Pyotr Stepanovich sprawled on the sofa and immediately tucked his legs up.
III
"And what is all this bustle—you can't mean these trifles?" he nodded towards the tract. "I can drag in as many of these leaflets as you like, I already made their acquaintance in Kh—— province."
"You mean, when you were living there?"
"Well, naturally, not when I wasn't. There's a vignette, a drawing of an axe, at the top. [131]Excuse me" (he picked up the tract), "ah, yes, here's the axe; it's the same one, exactly."
"Yes, an axe. See—an axe."
"And what, are you afraid of the axe?"
"Not of the axe... and not afraid, sir, but this matter is... such a matter, there are circumstances here."
"Which? That they were turned in from the factory? Heh, heh. You know, you'll soon have the workers at that factory writing tracts themselves."
"How's that?" von Lembke stared sternly.
"Just so. With you looking on. You're too soft, Andrei Antonovich; you write novels. What's needed here are the old methods."
"What do you mean, the old methods, what sort of advice is that? The factory has been cleaned up; I gave orders, it was cleaned up."
"Yet there's rioting among the workers. They all ought to be whipped, and there's an end to it."
"Rioting? Nonsense, I gave orders and it was cleaned up."
"Eh, what a soft man you are, Andrei Antonovich!"
"In the first place, I am by no means so soft, and in the second ..." von Lembke felt stung again. He forced himself to talk with the young man out of curiosity, on the chance that he might tell him a little something new.
"Ahh, again an old acquaintance!" Pyotr Stepanovich interrupted, sighting another sheet of paper under the paperweight, also looking like a tract, apparently of foreign imprint, but in verse. "Why, this one I know by heart, it's 'The Shining Light.' Let me see: yes, so it is, 'The Shining Light.' I've been acquainted with this light ever since I was abroad. Where did you dig it up?"
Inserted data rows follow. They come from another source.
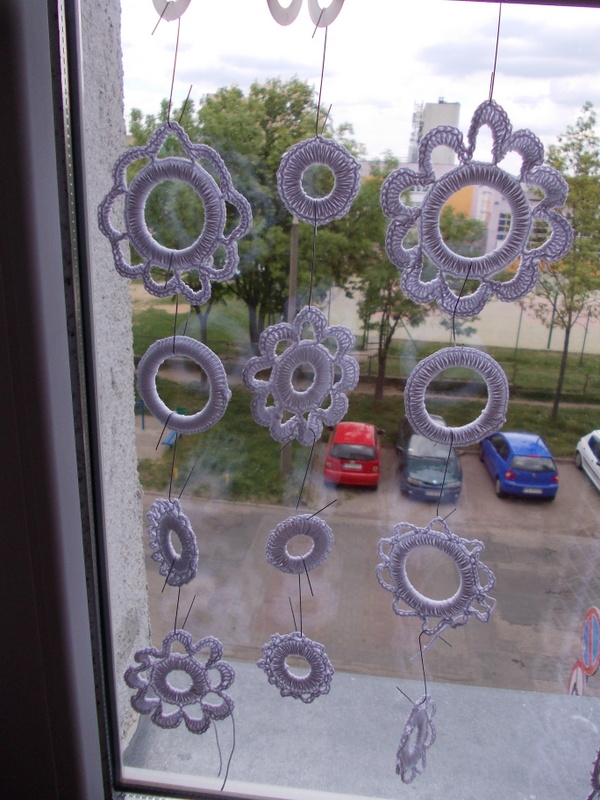 Wymyśliłam zazdroskę na okno wykonaną z elementów wykonanych na plastikowych kółeczkach.Jeszcze nie wiem jak je połączę, bo na razie eksperymentuję.
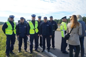 Zdjęcie siedmiorga umundurowanych uczetników imprezy z koordynatorką przedsięwzięcia z ramienia Wydziału Komunikacji Społecznej Komendy Wojewódzkiej Policji w Łodzi -
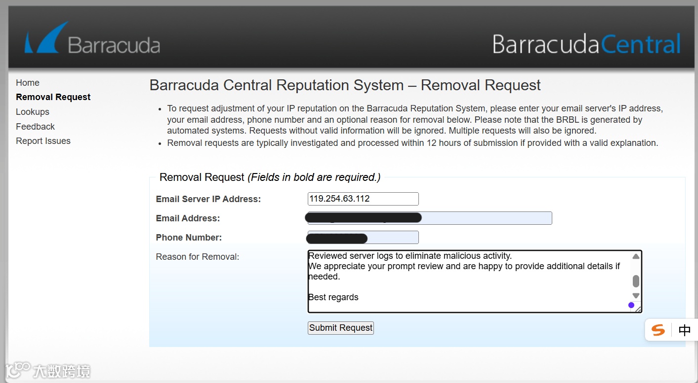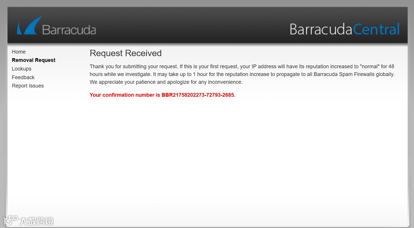 如果邮件群发时,发现退信显示IP被barracudacentral列入黑名单,可以登录其官网申请移除,步骤如下:

"You say you saw it abroad?" von Lembke roused himself.
"Sure thing, about four months ago, or even five."
"You saw quite a lot abroad, however," von Lembke glanced at him subtly. Pyotr Stepanovich, without listening, unfolded the paper and read the poem aloud:
The Shining Light
A man of high birth he was not, Among the people he cast his lot.
Hounded by the wrath of tsars, The jealous malice of boyars, He from suffering drew not back, From torment, torture, nor the rack, But firm before the people stood, For liberty, equality, and brotherhood.
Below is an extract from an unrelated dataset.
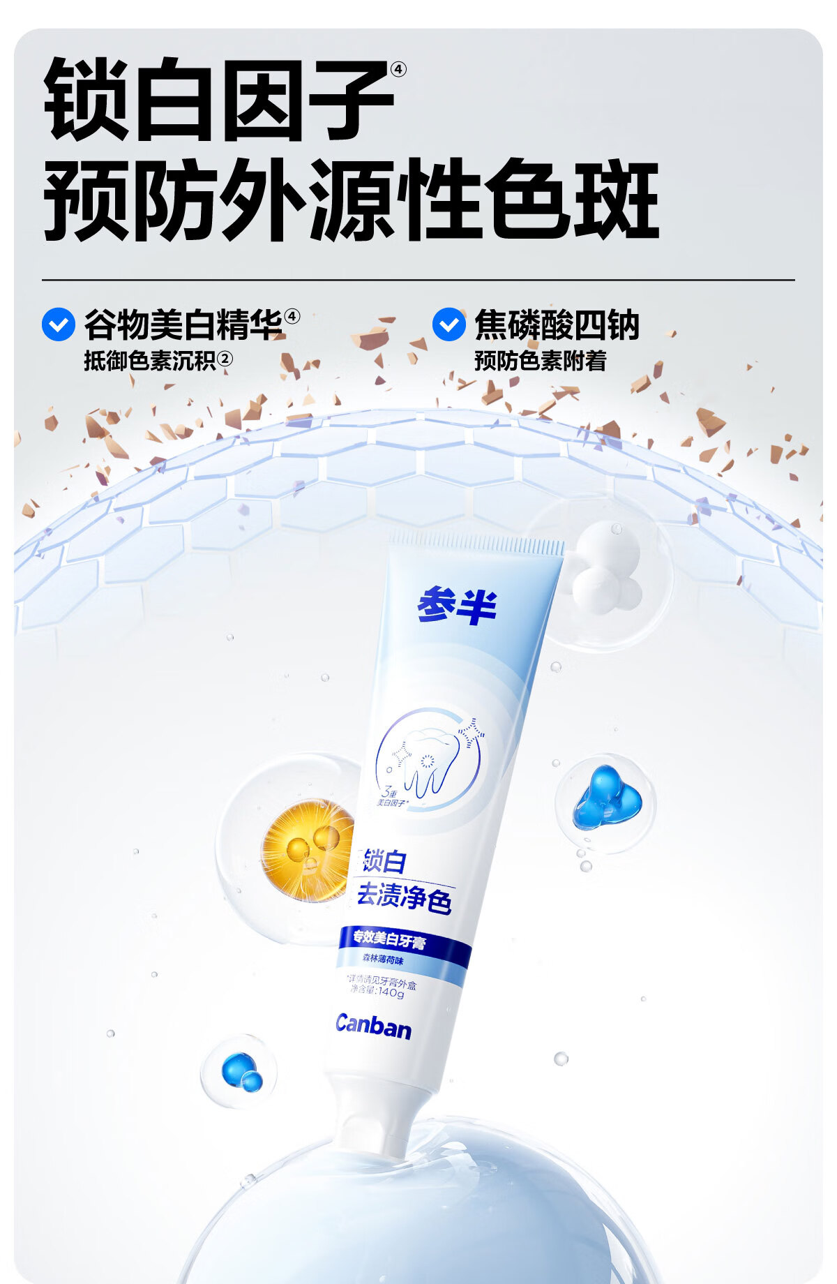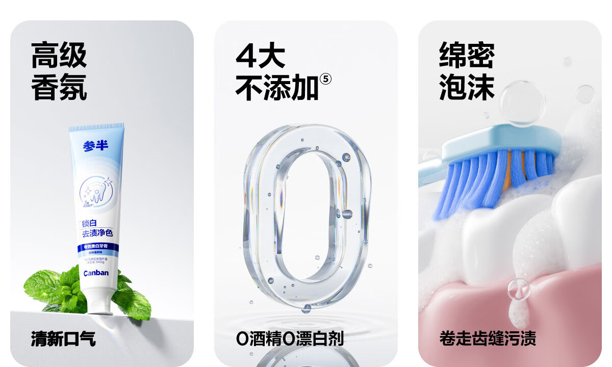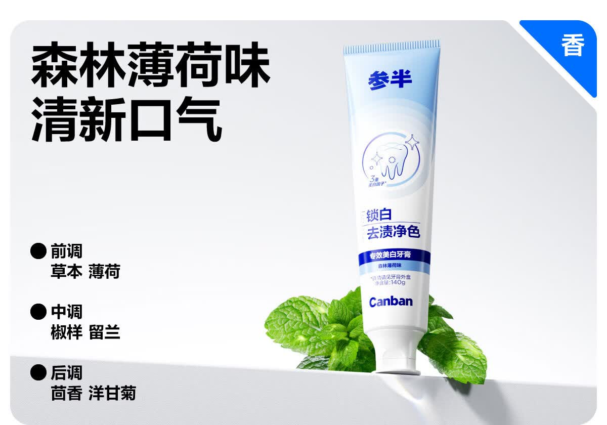 参半薄荷清新牙膏 减轻口臭去口腔异味口气持久凉感清茶薄荷味60g*3
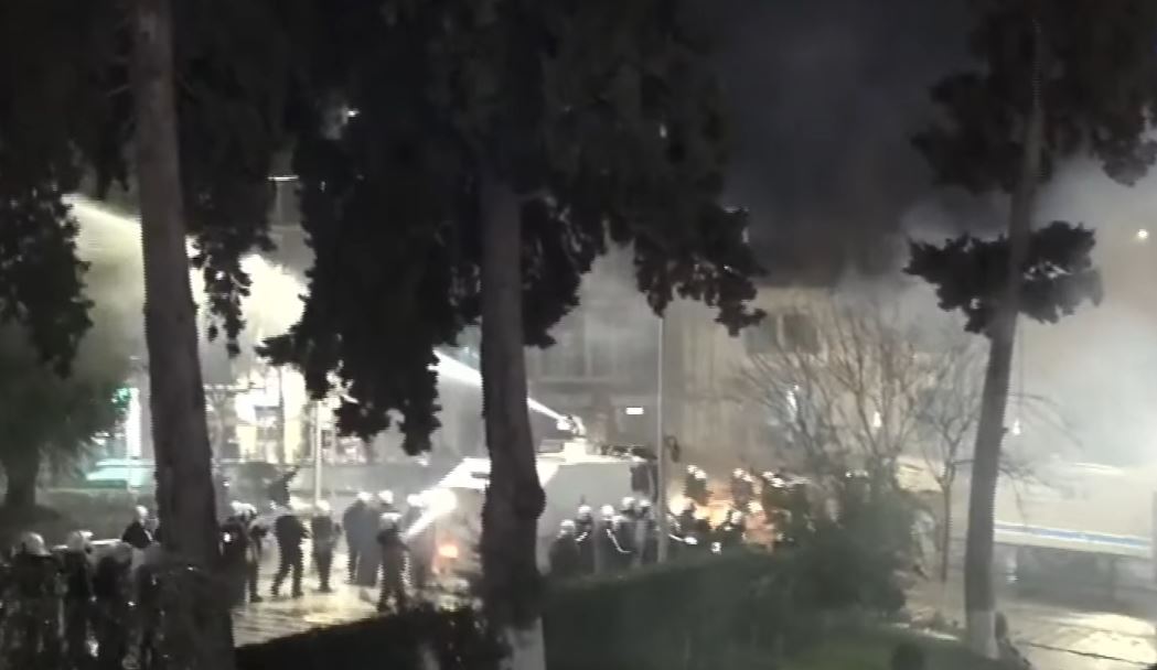 Situata mbetet e tensionuar, teksa policia ka përdorur edhe dy autobotë me ujë për të shpërndarë protestuesit.

And when rebellion once was sparked, He then for foreign lands embarked, Escaping thus the tsar's redoubt, The tongs, the hangman, and the knout, While the people, cursing empty skies, Against harsh fate prepared to rise, And from Smolensk to far Tashkent Awaited only the student.
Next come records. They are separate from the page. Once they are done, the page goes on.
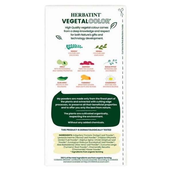 Herbatint Vegetal Color es un producto de acción dual, tinte y cuidado para el cabello, 100 % natural y orgánico ,que combina hierbas para teñir de alta calidad con el poder de los antiguos polvos de hojas ayurvédicas.
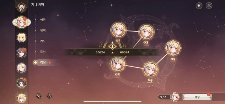 - 命座与共鸣机制相同,已通过「召唤」获取的角色,能够利用系统自动提供的「角色碎片」来完成升级。 - 当碎片积累到特定数量时,可依照角色>命座>觉醒>继承的顺序进行操作。
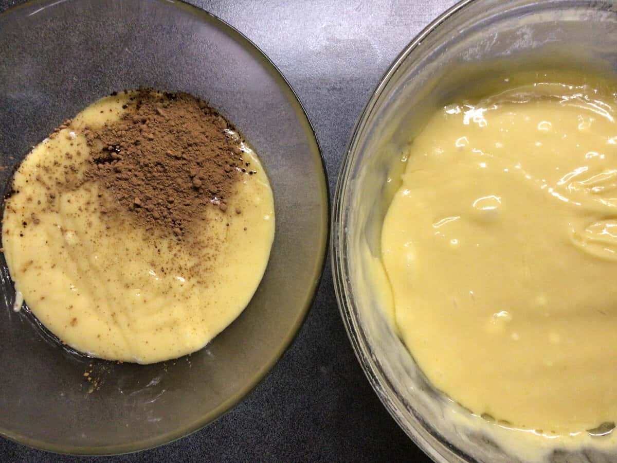 Далі вже пішла моя імпровізація. Розділила тісто на дві миски і в одну додала какао-порошок. Вінчиком добре розмішала.
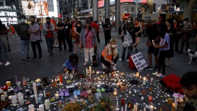 People lay flowers, candles, and shoes at an impromptu vigil as part of "No Pride in Genocide" event in Toronto, Ontario, Canada, July 1, 2021, to encourage reflection on Canada's treatment of indigenous people following the discovery of unmarked graves at residential schools in Canada. Cole Burston / AFP
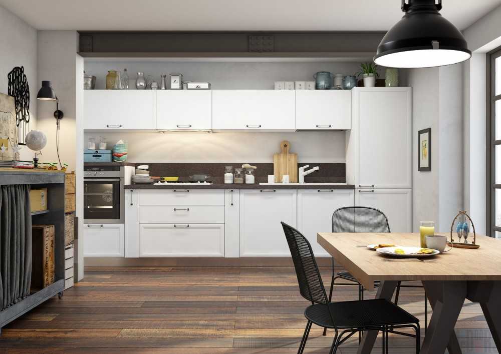 Белый цвет подходит для разных материалов: металла, древесины, стекла. Рядом со светлым гарнитуром уместно размещение декоративных элементов или аксессуаров.
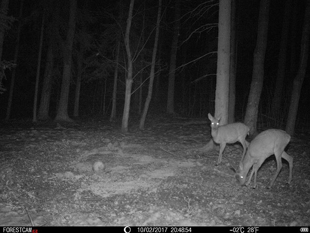 Noční snímky jsou plynule a prvotřídně prosíceny. FORESTACAM umí dělat fotopasti, které nepotřebují ke kvalitnímu prosícení zbytečně mnoho diod, které razantně vybijí baterie.

All were awaiting his return So they could go without concern To rid themselves of cruel boyars, To rid themselves of greedy tsars, To hold all property as one, And take their just revenge upon Marriage, church, and family ties— Evils in which the old world lies. [132]
"You must have taken it from that officer, eh?" Pyotr Stepanovich asked.
"So you have the honor of knowing that officer as well?"
"Sure thing. I feasted with them there for two days. He was bound to lose his mind."
"Perhaps he never did lose his mind."
"You mean since he started biting?"
"But, I beg your pardon, if you saw this poem abroad, and then, it turns out, here at this officer's..."
"What, intricate? I see, so you're examining me, Andrei Antonovich? You see, sir," he began suddenly, with unusual importance, "of what I saw abroad I already gave my explanations to certain persons on my return, and my explanations were found satisfactory, otherwise I would not have bestowed the happiness of my presence upon this town. I think that my affairs in that sense are done with, and that I do not owe any reports. Done with, not because I am an informer, but because I was unable to act otherwise. Those who wrote to Yulia Mikhailovna, knowing the situation, said I was an honest man... Well, and that's all, devil take it, because I came to tell you something serious, and it's a good thing you sent that chimney sweep of yours away. The matter is important for me, Andrei Antonovich; I have an extraordinary request to make of you."